Data excerpt
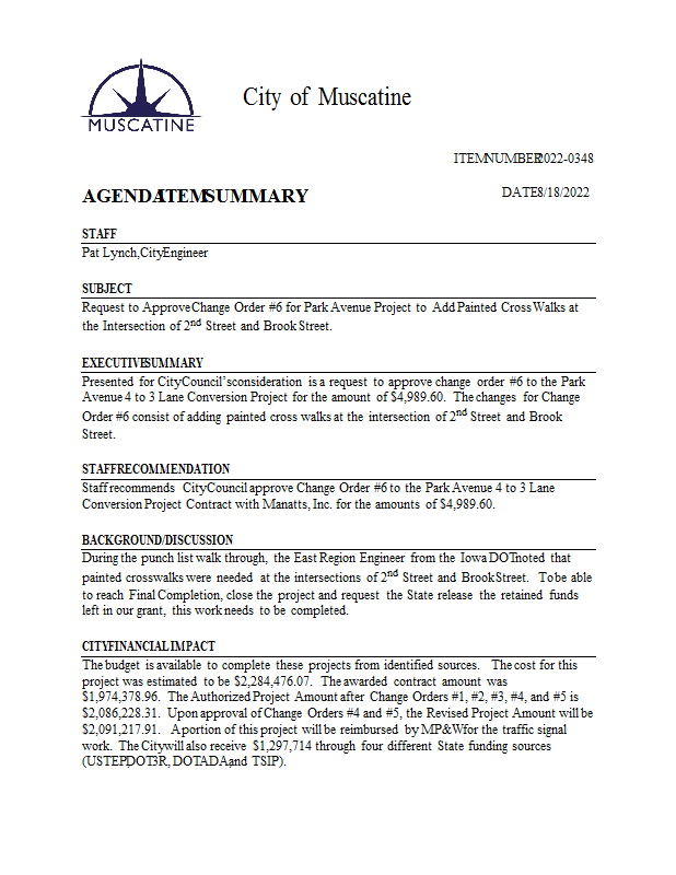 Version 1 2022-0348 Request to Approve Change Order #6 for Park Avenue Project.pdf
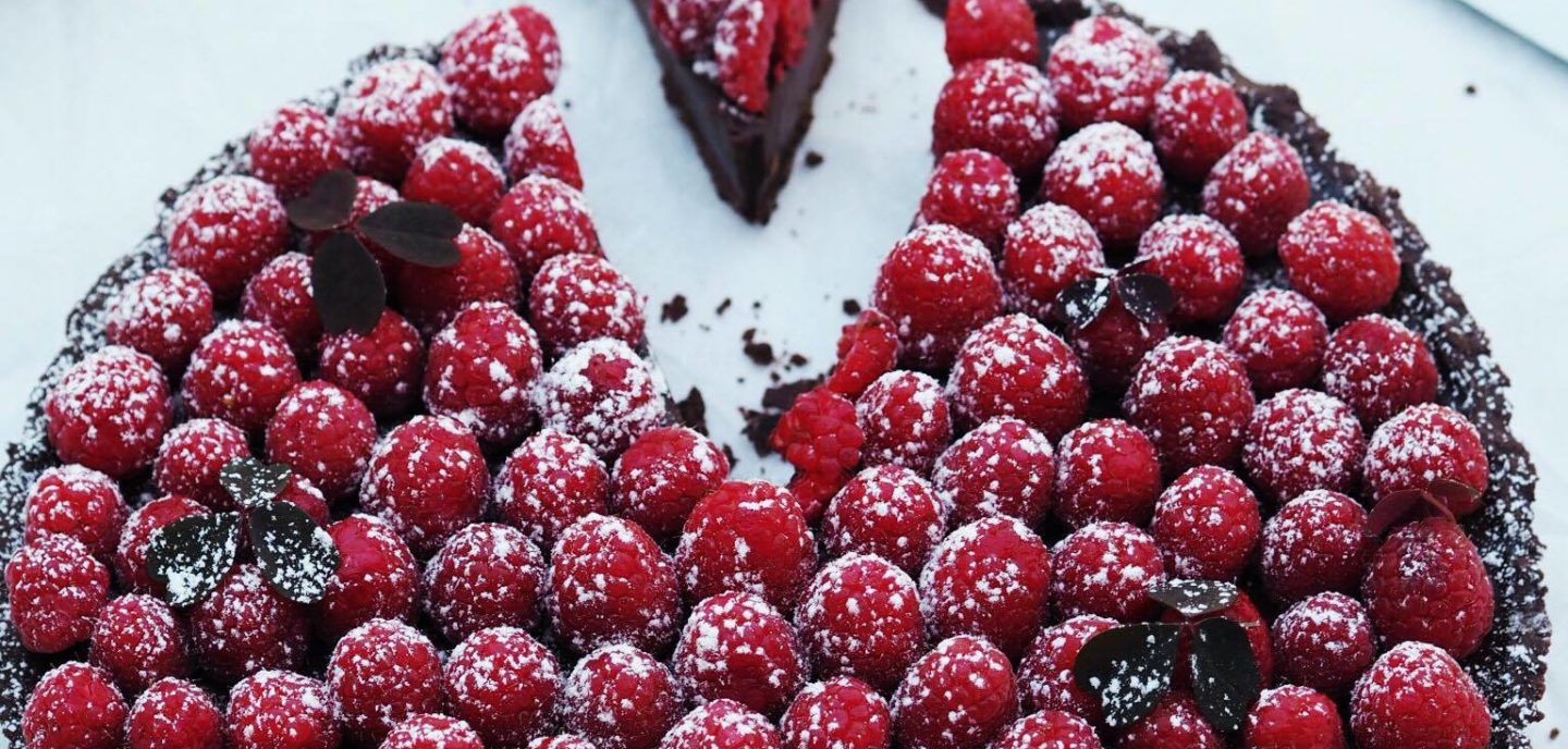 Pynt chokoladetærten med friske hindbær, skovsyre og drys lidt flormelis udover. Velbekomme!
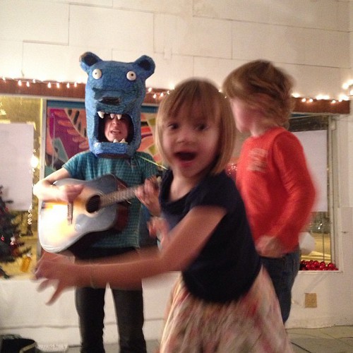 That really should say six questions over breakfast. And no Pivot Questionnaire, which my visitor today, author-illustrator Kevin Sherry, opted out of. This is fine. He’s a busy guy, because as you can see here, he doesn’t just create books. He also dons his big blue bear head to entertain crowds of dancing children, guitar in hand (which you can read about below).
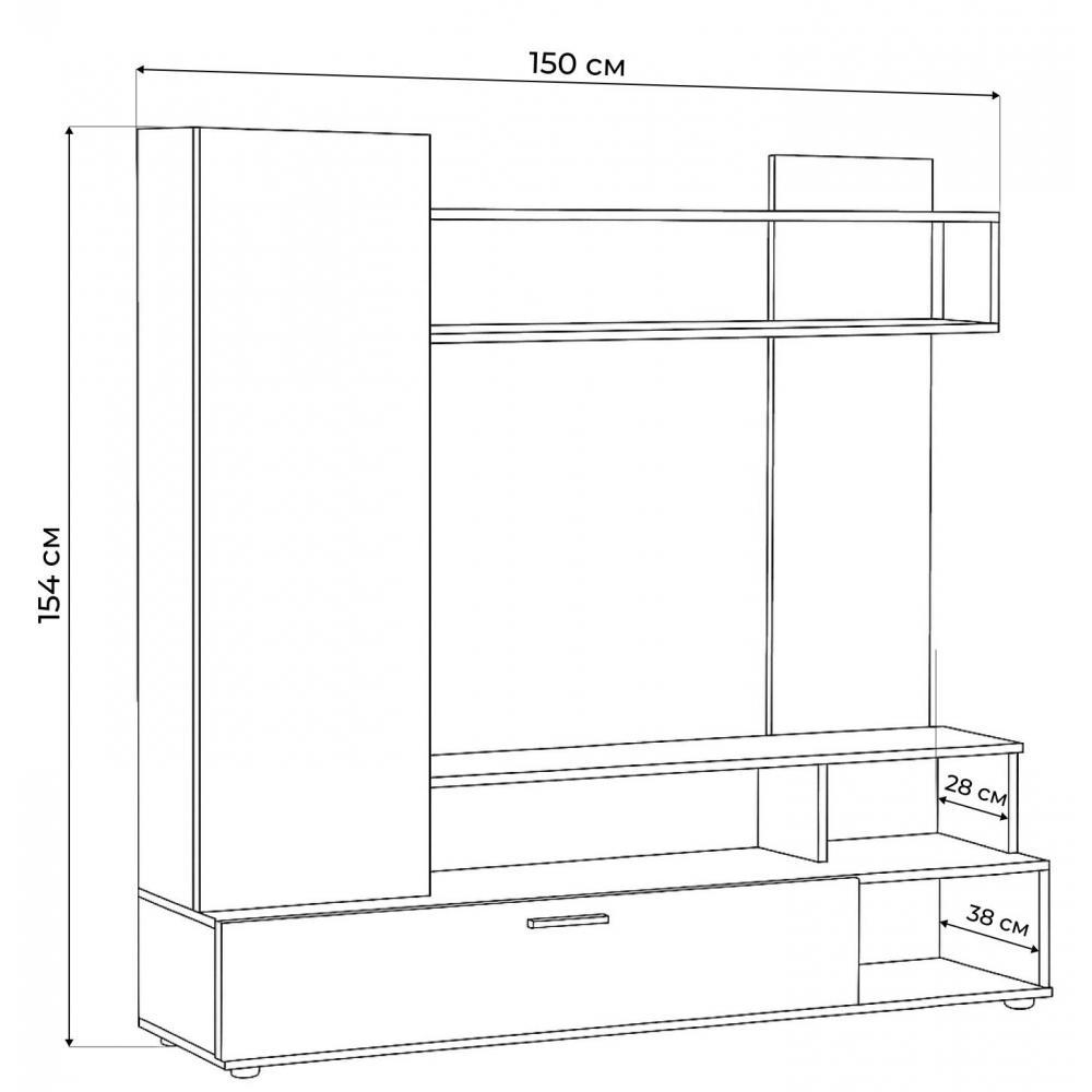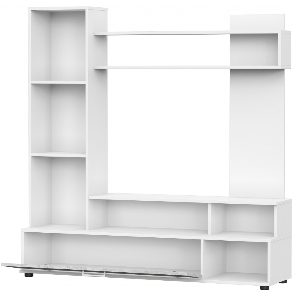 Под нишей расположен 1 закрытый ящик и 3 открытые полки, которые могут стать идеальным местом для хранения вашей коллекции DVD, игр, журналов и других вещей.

Problem requirements
Repeat the listing above word for word. Do not include the pictures.

Result of the task
 Version 1 2022-0348 Request to Approve Change Order #6 for Park Avenue Project.pdf
 Pynt chokoladetærten med friske hindbær, skovsyre og drys lidt flormelis udover. Velbekomme!
 That really should say six questions over breakfast. And no Pivot Questionnaire, which my visitor today, author-illustrator Kevin Sherry, opted out of. This is fine. He’s a busy guy, because as you can see here, he doesn’t just create books. He also dons his big blue bear head to entertain crowds of dancing children, guitar in hand (which you can read about below).
 Под нишей расположен 1 закрытый ящик и 3 открытые полки, которые могут стать идеальным местом для хранения вашей коллекции DVD, игр, журналов и других вещей.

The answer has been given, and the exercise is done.